Records contained in a dataset
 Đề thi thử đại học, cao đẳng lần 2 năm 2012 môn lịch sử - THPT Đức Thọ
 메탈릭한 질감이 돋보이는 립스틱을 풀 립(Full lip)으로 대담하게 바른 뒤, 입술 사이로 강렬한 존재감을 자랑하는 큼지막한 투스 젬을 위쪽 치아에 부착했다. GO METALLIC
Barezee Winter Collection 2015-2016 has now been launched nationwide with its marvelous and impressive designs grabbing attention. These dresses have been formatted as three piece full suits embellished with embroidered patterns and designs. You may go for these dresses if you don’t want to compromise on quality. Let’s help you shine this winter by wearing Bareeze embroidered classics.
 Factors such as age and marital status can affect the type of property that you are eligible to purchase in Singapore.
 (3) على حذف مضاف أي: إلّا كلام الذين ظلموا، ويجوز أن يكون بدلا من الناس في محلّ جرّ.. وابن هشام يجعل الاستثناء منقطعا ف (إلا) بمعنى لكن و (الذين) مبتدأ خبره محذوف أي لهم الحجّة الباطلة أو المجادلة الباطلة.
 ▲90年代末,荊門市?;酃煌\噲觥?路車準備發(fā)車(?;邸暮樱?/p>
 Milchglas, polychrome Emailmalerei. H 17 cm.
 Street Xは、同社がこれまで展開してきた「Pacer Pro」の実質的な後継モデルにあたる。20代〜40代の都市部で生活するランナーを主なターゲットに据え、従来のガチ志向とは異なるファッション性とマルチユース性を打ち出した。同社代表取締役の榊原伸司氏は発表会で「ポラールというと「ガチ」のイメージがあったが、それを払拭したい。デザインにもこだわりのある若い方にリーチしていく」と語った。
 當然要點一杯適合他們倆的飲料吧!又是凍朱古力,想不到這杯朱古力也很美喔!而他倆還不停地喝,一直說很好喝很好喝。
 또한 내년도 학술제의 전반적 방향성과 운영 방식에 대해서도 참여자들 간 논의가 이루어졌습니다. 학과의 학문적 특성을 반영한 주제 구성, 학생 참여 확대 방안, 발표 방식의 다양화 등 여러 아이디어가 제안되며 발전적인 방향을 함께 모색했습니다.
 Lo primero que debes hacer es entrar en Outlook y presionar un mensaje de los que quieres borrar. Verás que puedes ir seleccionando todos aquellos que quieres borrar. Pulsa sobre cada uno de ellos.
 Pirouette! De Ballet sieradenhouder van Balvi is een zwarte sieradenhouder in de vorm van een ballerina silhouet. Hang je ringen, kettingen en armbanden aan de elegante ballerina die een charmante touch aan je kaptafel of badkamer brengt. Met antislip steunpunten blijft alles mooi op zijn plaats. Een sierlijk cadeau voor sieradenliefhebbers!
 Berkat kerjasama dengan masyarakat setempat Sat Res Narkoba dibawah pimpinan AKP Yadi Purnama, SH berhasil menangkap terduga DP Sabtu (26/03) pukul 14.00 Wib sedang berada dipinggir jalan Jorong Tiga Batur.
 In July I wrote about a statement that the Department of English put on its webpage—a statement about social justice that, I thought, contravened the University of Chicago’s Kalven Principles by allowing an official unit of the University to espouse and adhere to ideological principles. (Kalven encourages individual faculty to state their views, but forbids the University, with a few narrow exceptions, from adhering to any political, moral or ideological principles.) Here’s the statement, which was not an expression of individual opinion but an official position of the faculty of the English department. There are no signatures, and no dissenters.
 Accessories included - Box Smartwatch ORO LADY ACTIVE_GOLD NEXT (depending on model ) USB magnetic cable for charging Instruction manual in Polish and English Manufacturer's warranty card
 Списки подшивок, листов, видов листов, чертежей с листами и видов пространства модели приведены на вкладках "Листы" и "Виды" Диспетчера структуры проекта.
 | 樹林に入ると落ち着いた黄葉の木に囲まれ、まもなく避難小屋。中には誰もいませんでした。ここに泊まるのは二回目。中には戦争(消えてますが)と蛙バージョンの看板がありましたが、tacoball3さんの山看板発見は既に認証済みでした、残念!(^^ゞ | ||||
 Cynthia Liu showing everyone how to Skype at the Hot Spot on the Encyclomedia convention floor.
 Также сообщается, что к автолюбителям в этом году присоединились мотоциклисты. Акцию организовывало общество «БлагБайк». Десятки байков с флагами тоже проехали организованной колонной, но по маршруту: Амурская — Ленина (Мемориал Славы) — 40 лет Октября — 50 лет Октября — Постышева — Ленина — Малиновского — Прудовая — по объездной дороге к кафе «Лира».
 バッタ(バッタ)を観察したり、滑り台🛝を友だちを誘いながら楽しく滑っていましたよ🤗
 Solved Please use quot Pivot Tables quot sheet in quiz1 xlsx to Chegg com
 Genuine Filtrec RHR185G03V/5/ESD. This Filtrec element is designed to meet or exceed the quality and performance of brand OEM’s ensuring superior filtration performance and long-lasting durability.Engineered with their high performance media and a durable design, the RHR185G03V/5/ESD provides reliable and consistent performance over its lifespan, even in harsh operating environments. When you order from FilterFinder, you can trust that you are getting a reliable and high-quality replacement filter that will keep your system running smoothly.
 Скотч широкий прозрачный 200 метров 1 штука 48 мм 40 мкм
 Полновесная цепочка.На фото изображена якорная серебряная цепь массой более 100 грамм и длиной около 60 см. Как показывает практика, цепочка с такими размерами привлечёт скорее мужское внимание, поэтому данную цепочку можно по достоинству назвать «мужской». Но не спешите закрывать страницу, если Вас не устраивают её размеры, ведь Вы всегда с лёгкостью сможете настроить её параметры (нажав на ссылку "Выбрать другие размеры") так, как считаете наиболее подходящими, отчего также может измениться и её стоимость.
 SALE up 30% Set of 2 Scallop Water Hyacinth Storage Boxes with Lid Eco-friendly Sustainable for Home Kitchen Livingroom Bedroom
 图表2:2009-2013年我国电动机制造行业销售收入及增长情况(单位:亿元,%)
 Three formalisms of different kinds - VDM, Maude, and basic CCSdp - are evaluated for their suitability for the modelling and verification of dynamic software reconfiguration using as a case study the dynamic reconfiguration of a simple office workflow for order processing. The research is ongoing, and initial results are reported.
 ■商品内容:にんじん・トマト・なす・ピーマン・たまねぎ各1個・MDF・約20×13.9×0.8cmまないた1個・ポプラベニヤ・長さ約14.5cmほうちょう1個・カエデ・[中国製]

> [TASK DIRECTIONS] The span to give again runs from the line with "SALE up 30%" through the last line of the records above; reproduce it exactly and nothing more.

> [SOLUTION]
 SALE up 30% Set of 2 Scallop Water Hyacinth Storage Boxes with Lid Eco-friendly Sustainable for Home Kitchen Livingroom Bedroom
 图表2:2009-2013年我国电动机制造行业销售收入及增长情况(单位:亿元,%)
 Three formalisms of different kinds - VDM, Maude, and basic CCSdp - are evaluated for their suitability for the modelling and verification of dynamic software reconfiguration using as a case study the dynamic reconfiguration of a simple office workflow for order processing. The research is ongoing, and initial results are reported.
 ■商品内容:にんじん・トマト・なす・ピーマン・たまねぎ各1個・MDF・約20×13.9×0.8cmまないた1個・ポプラベニヤ・長さ約14.5cmほうちょう1個・カエデ・[中国製]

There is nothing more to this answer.